Rien n‟empêche que les élèves fassent à ce point-là des recherches qui leur permettent de trouver la situation leur paraissant le mieux convenir à leur projet : plusieurs scénarios y seront possibles. Les discussions et les débats entamés en classe de langue seront donc une bonne occasion pour la pratique de l‟oral. Les élèves vont ainsi, collectivement et progressivement, élargir leur éventail d‟alternatives, et le thème choisi, qui aurait pu leur sembler au départ un peu puéril, se révèle alors porteur de problématiques qui forcent les élèves à se montrer rigoureux dans leur approche interculturelle.

Une fois terminé ce stade d‟invention collective, rassurant pour les élèves parce qu‟il leur donne l‟impression première qu‟ils ont beaucoup d‟idées, ce qui s‟avère intéressant en termes d‟apprentissage de la rigueur du raisonnement, l‟enseignant sera amené à mettre en place des stratégies qui permettent à chaque élève de se mettre à écrire. Même si nous savons bien que le processus de la rédaction joint le temps d‟invention et de révision, pour les élèves le temps difficile est celui où il leur faut trouver les phrases et les mots. Comment introduire la séance d‟écriture proprement dite?

Une des premières aides que peut proposer l‟enseignant est un embrayeur qui aide à dépasser le « trac » des premières lignes. C‟est le déclencheur atemporel « Il était une fois… », qui pourrait introduire une récurrence fantastique « La première fois que… », avant de fixer le cadre géographique de l‟histoire, et de placer un personnage au milieu des événements. Ce même processus permet en même temps d‟installer des temps verbaux, une structure syntaxique simple et des éléments de récit qui favoriseront l‟organisation et la cohésion du corps de texte qui commence à se construire petit à petit. Ces caractéristiques, clairement définies au départ de l‟histoire, dévoilent un double intérêt pour aider les élèves à jouer un véritable rôle d‟embrayeur d‟écriture, et de définir des critères de réussite pour leur auto-évaluation.
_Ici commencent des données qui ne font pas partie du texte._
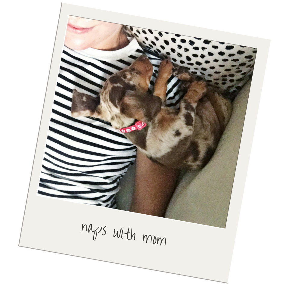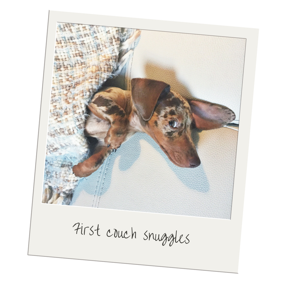 Obviously, we take a lot of pictures of our dogs and have a ton of puppy pictures. In honor of the holiday, I wanted to share a few of my favorites. They're not all high-res or high-quality. Some of them are, well, kind of crappy. But these are the photos that captured the moments I'll always hang onto—first snuggles, first naps, first walks. Is there anything sweeter than those first memories? I hope you enjoy the little walk down memory lane with us.

A partir de ce début, les élèves peuvent commencer à écrire, avant de passer aux péripéties puis à quelques récurrences suivant le modèle « La première fois que… ». L‟enseignant cherche, en accompagnant les temps de rédaction en classe, la fidélité à cette trame en interrogeant régulièrement les élèves sur l‟adéquation entre leur nouveau récit et les éléments de départ.
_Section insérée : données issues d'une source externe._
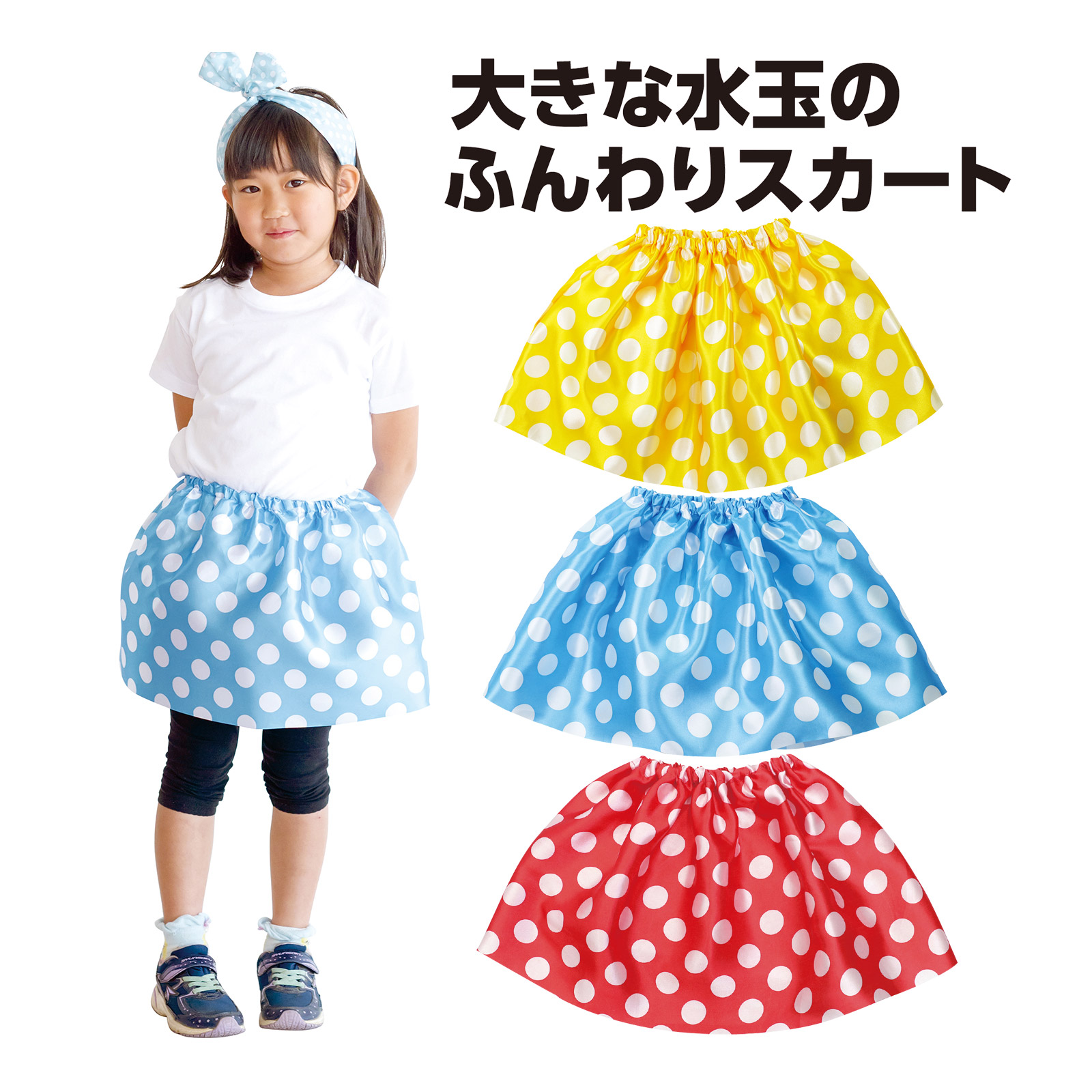 水玉ソフトサテンスカート 黄 水色 ドット 学芸会 衣装 幼児 小学生 保育園 幼稚園 子供 運動会 文化祭 演劇 発表会 お遊戯会 キッズ ダンス

Le second pas vise à fixer la longueur du texte en fournissant aux jeunes écrivains des repères précis. En calibrant la quantité de parties matérielles à rédiger, l‟enseignant rassure

les apprenants au lieu de les agacer en limitant les scripts d‟une façon raisonnable. En effet, beaucoup plus d‟élèves sont déstabilisés par la longueur d‟un texte à écrire que par sa réduction. Plutôt que de fixer l‟attention des apprenants sur le nombre de lignes à produire, il sera judicieux de cadrer la partie du récit à rédiger en précisant ce qu‟il faut produire : la situation initiale, un élément modificateur et une complication.
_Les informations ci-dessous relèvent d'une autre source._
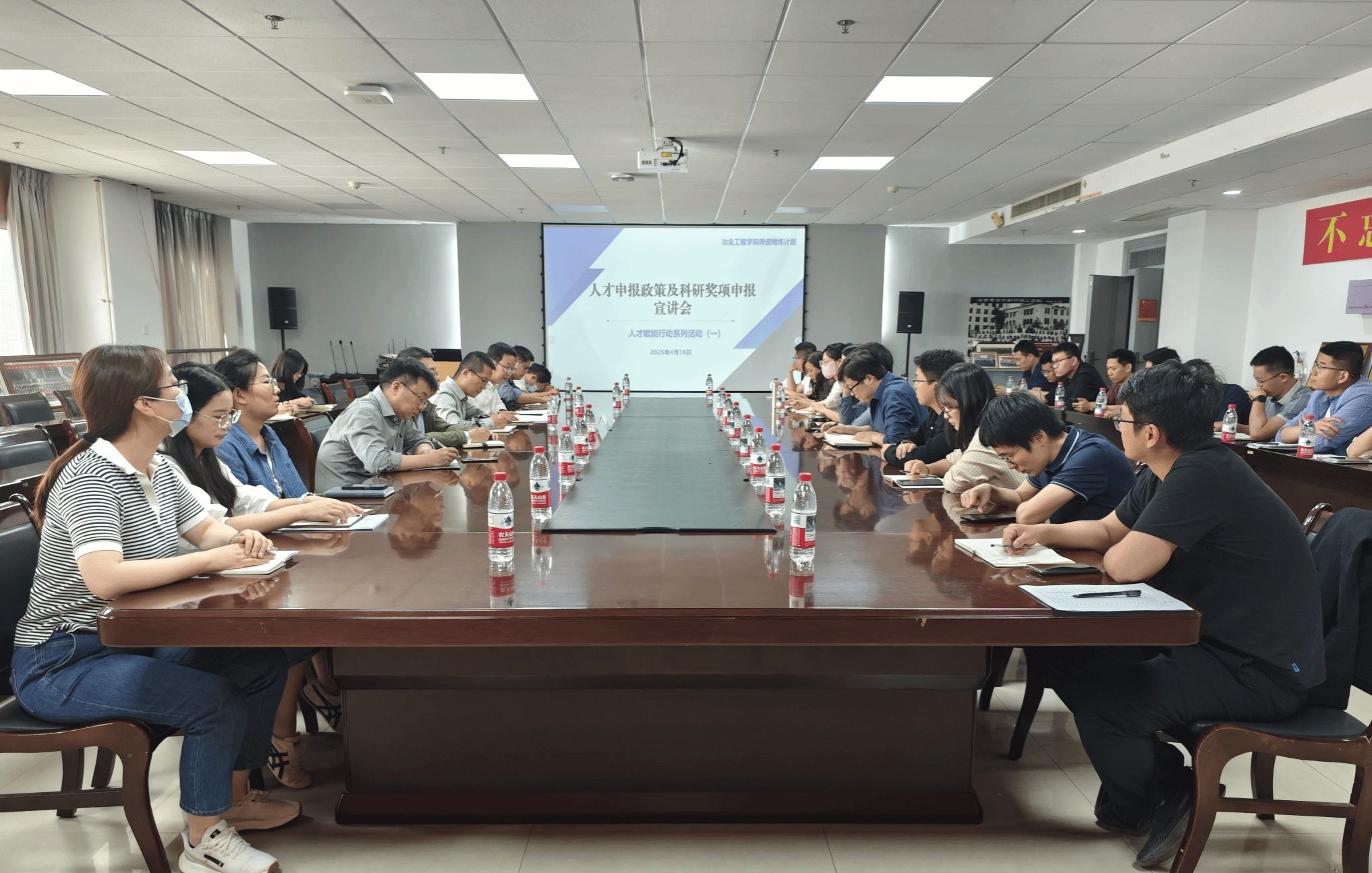 4月16日下午,冶金工程学院在工科大楼1106举办“人才赋能行动”系列活动—人才申报政策及科研奖项申报宣讲会,学院科研团队负责人、师资精炼计划入选者以及部分青年教师参加了本次会议。会议由学院党委副书记、副院长赵福才主持。

Ainsi, à la fin de la séance de rédaction, chaque apprenant scripteur pourra déjà s‟auto-évaluer et réviser son texte écrit grâce à une fiche simple et précise, élaborée à la fin de la séance consacrée à l‟invention collective. Puis, à la séance suivante, l‟enseignant pourra proposer quelques essais de révision et/ou de récapitulation, soit collectifs (s‟il en vise un apprentissage), soit individuels (afin de remédier à certaines lacunes ou améliorer quelques structures de la langue). Par exemple, il pourra utiliser différents types de progression dans la construction des péripéties, donnant ainsi des explications théoriques sur le sujet de la progression thématique. Cette étape, qui entre sous le titre de révision, est une étape essentielle et constitutive de la rédaction. Elle peut gêner certains scripteurs ayant le souci de finir vite, mais qui sont plutôt rassurés quand ils découvrent qu‟ils ne seront ni évalués ni notés sur le script finalement produit, et qu‟ils auront le temps de l‟améliorer et de le modifier au fur et à mesure que la séance de rédaction avance.